On Tuesday, an attorney for each individual defendant and a separate one for the NRA took turns addressing the 12-member jury.

LaPierre’s attorney, P. Kent Correll, urged the jurors to set aside any misconceptions that they may have about the longtime NRA chief and said the plaintiffs want to “paint him as a person that’s not him.”

Correll said LaPierre served his job “well and honorably and honestly” for decades “until his health made it impossible for him to continue.”

Phillips’ attorney, Seth Farber, said the 75-year-old never used his position to “line his own pocket” or conceal information from the NRA’s board of directors. Farber said that his client did not do his job perfectly, but that he “never intentionally did anything to harm the NRA.”

Frazer’s attorney, William Fleming, said his client has “done nothing but show up for his job,” which he said Frazer did “selflessly.”

Frazer is accused of submitting false statements. He is the only individual defendant who still works for the NRA and risks losing a job he has held for about 30 years and “every penny that he’s ever made at the NRA,” Fleming said.

“It’s been a career and a life for him,” Fleming said.

Joshua Powell, a former chief of staff and executive director of general operations, was also a defendant. But he reached a $100,000 settlement with the attorney general’s office Friday and admitted to the allegations brought forth in the lawsuit, including the misuse of NRA funds, James confirmed Saturday.

Connell accused the NRA of flouting nonprofit laws and evading oversight for decades. “This case is about corruption,” she said Monday. “It’s about breaches of trust and power.”

The NRA’s defense team rejected the vast majority of the attorney general’s claims but said Tuesday that it agrees that there were “some past violations” and failure to follow the board’s policies. Those violations were concealed from and unapproved by the NRA board, Rogers said.

Rogers said that numerous wrongdoers were fired or have left the NRA, and that LaPierre has repaid the NRA’s money “with interest.”

The attorney general’s office did not immediately comment in response to the defense's opening remarks.

The jury, sworn in Monday afternoon, is expected to hear testimony over the next six weeks from roughly 120 witnesses. Six of them will deliberate, while the others will serve as alternates.

If the jurors find the individual defendants liable, they will recommend the amount of money that each defendant would have to repay the NRA.

They would have also been tasked with recommending whether LaPierre should be ousted from the helm of the group, but LaPierre’s resignation has rendered that moot. They are still tasked with recommending whether Frazer should be removed from his position.

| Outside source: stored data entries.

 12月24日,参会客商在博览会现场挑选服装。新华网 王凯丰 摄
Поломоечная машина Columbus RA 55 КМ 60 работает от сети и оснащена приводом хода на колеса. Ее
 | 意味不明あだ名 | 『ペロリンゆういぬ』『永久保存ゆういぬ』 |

In a potential second phase of the trial, New York Supreme Court Judge Joel Cohen, who has the final say over monetary damages and remedies, could determine whether the defendants should be permanently barred from serving on the board of any charity in New York and whether an independent monitor should oversee the NRA’s finances.

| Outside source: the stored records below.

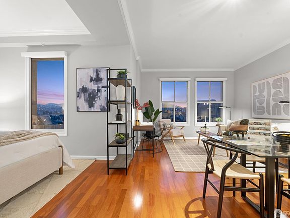 This move-in ready junior one-bedroom, one-bathroom penthouse offers modern comfort and a prime central location. The open-concept layout features hardwood floors, roller shades, and a spacious sleeping area that fits a queen or king bed, complemented by a custom walk-in closet separate from the living area. The upgraded kitchen includes sleek touchscreen appliances with a new stove and cooktop. Additional highlights include a large storage space and optional leased parking within the building for $250-$300 per month. Residents enjoy premium amenities such as a fitness center, exercise studio, conference room, landscaped courtyard with a fountain, and business meeting room. Perfectly situated in the heart of the city, this home offers unmatched walkabilityjust steps to Hayes Valley, Mission Dolores, SoMa, and Nob Hillputting the best of San Francisco's dining, shopping, and entertainment all within easy reach, along with tech shuttle stops right out front for effortless commuting.
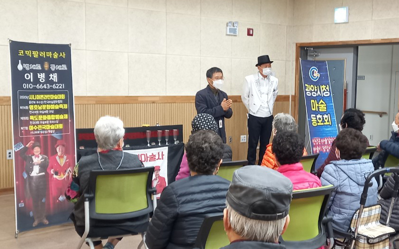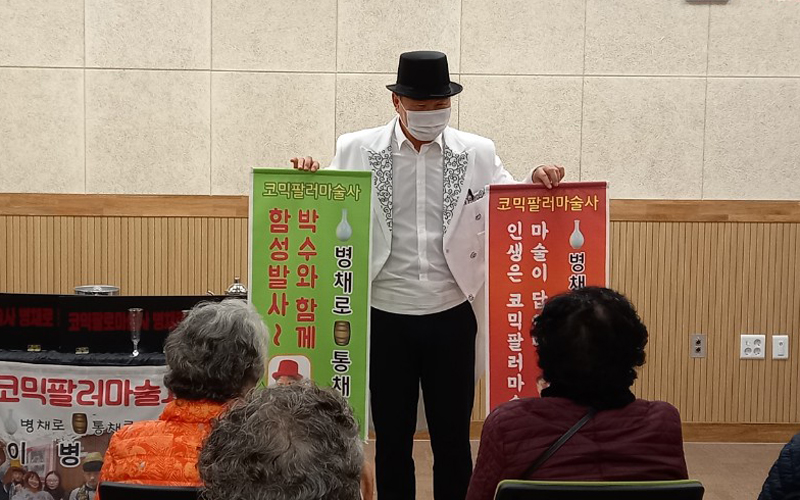 「코로나19」로 함께하지 못했던 어르신들이 오랜만에 마술공연으로 즐거운 시간을 보냈다. 큰 키에 멋진 검정모자의 마술사 병채로통채로 이병채가 지갑 속에서 불을 꺼내고, 천 원짜리 지폐가 만원으로 변하는 속임수 손재주에 큰 박수를 보냈다.
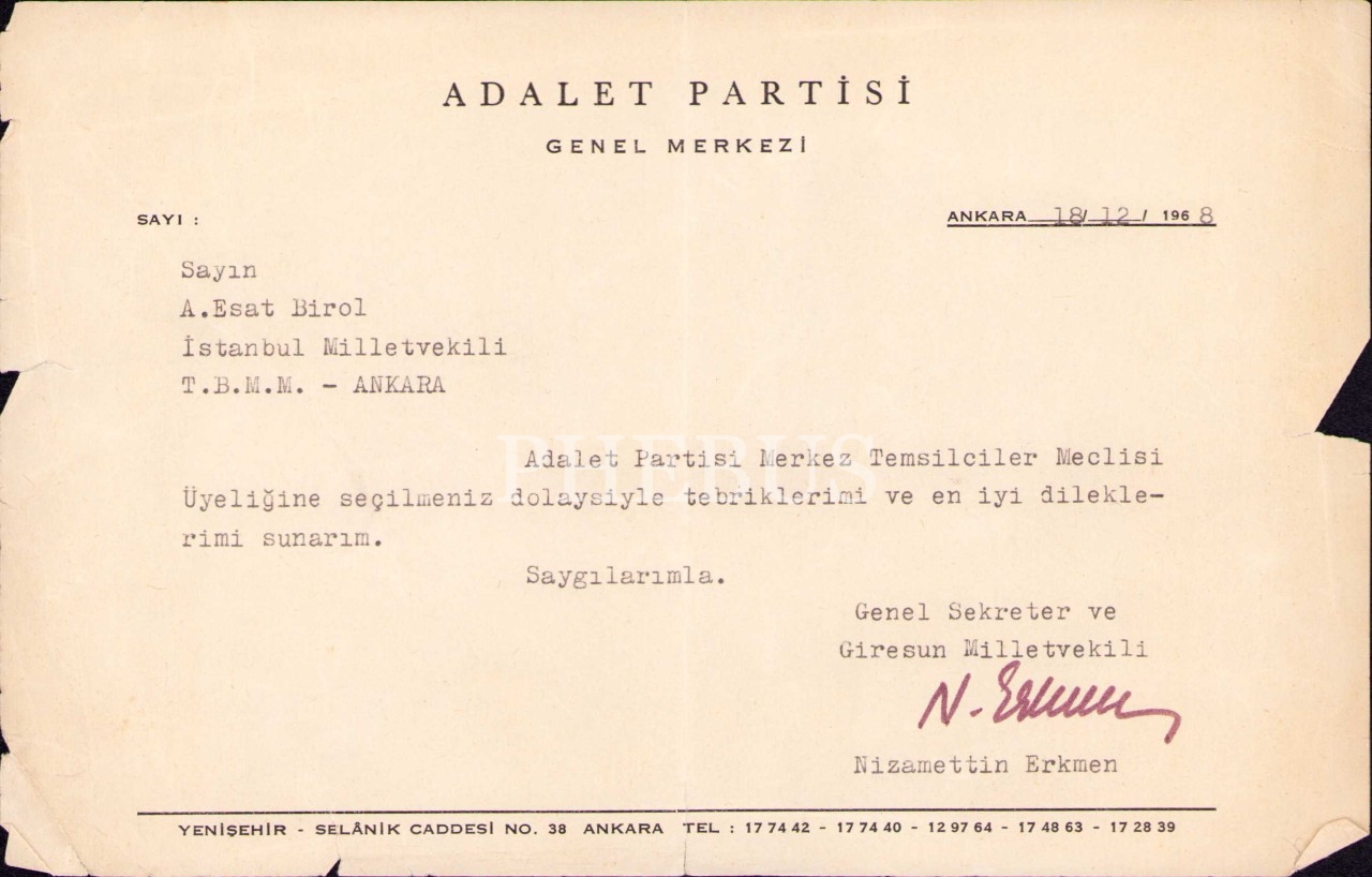 Adalet Partisi Genel Merkezi antetli mektup, Genel Sekreter'den İstanbul Mitlletvekili'ne tebrik mektubu, 1968 tarihli, 14x23 cm, yıpranmış haliyle
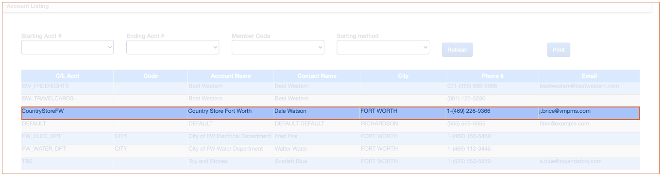 Path: Accounting > City Ledger > Account Listing
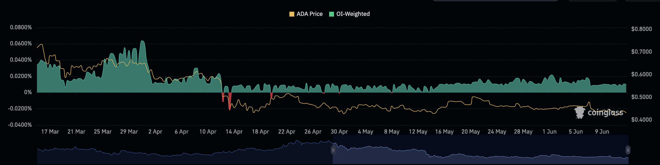 De acordo com a Coinglass, a taxa de financiamento da ADA foi positiva. Isso reforça a afirmação de que os traders colocaram posições altistas apesar do desempenho abaixo do esperado do token.
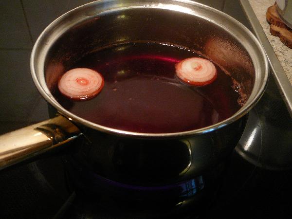 Отвар процеживаем через сито. Жидкость отправляем обратно в кастрюлю. Кидаем в него половинки луковицы, опять доводим до кипения и варим 1-2 минуты на среднем огне, не накрывая крышкой. (Тем временем,пока никто не видит, жадно хомячим ложкой то, что осталось в сите, и с довольными лицами готовим дальше =))
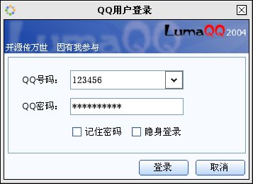 LumaQQ 是luma兄开发的,是跨平台的QQ客户端,具有可重用的纯Java核心和基于SWT的仿 QQ 界面,功能极为强劲;如果您在使用LumaQQ的时候,请不要忘记了解一下LumaQQ的历史;
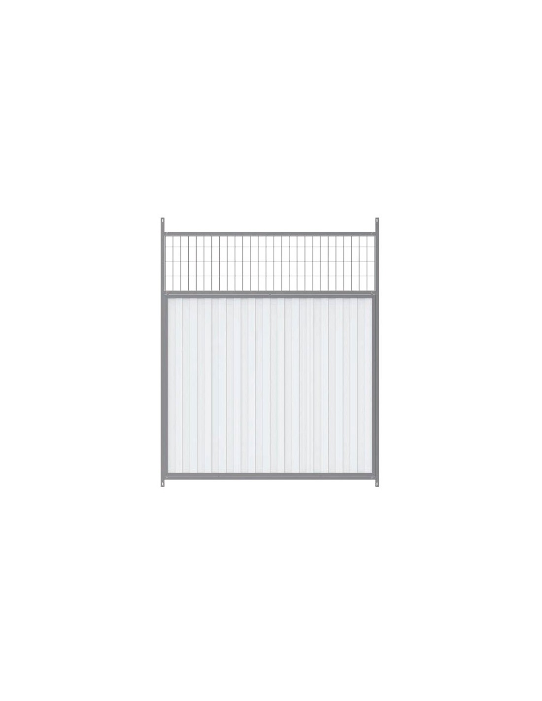 Lateral Mixto con Panel Sandwich para Box de perros o instalaciones caninas. Perfil con estructura de acero galvanizado de alta resistencia al exterior, malla metálica y panel sándwich que ofrece aislamiento térmico, visual y sonoro. Es adecuado para perros de todos los tamaños y razas. Especialmente diseñado para ofrecer seguridad y confort a tus perros.

None of the defendants have been criminally charged as part of James’ lawsuit.

The trial begins after years of failed attempts by the defendants to dismiss the lawsuit, change the court venue and countersue. The NRA also filed for Chapter 11 bankruptcy.

James initially set out to dissolve the NRA as part of her suit. However, Cohen dismissed that effort in 2022, saying her complaint “does not allege the type of public harm that is the legal linchpin for imposing the ‘corporate death penalty.’”

The lawsuit also targets the NRA as a whole. The organization has operated as a nonprofit charitable corporation in New York since 1871. Its assets are required by law to be used in a way that serves the interests of its membership and advances its charitable mission.

In the last few years, the NRA has been considerably weaker, with less influence in the political sphere and fewer members. Membership fell to 4.2 million from almost 6 million five years ago, The New York Times reported. Membership dues dropped by $14 million from 2021 to 2022, according to an audit filed as part of the lawsuit.

The defense for each of the individual defendants and the NRA finished their opening statements shortly before 1 p.m. Tuesday.

The plaintiffs were expected to call their first witness later in the day.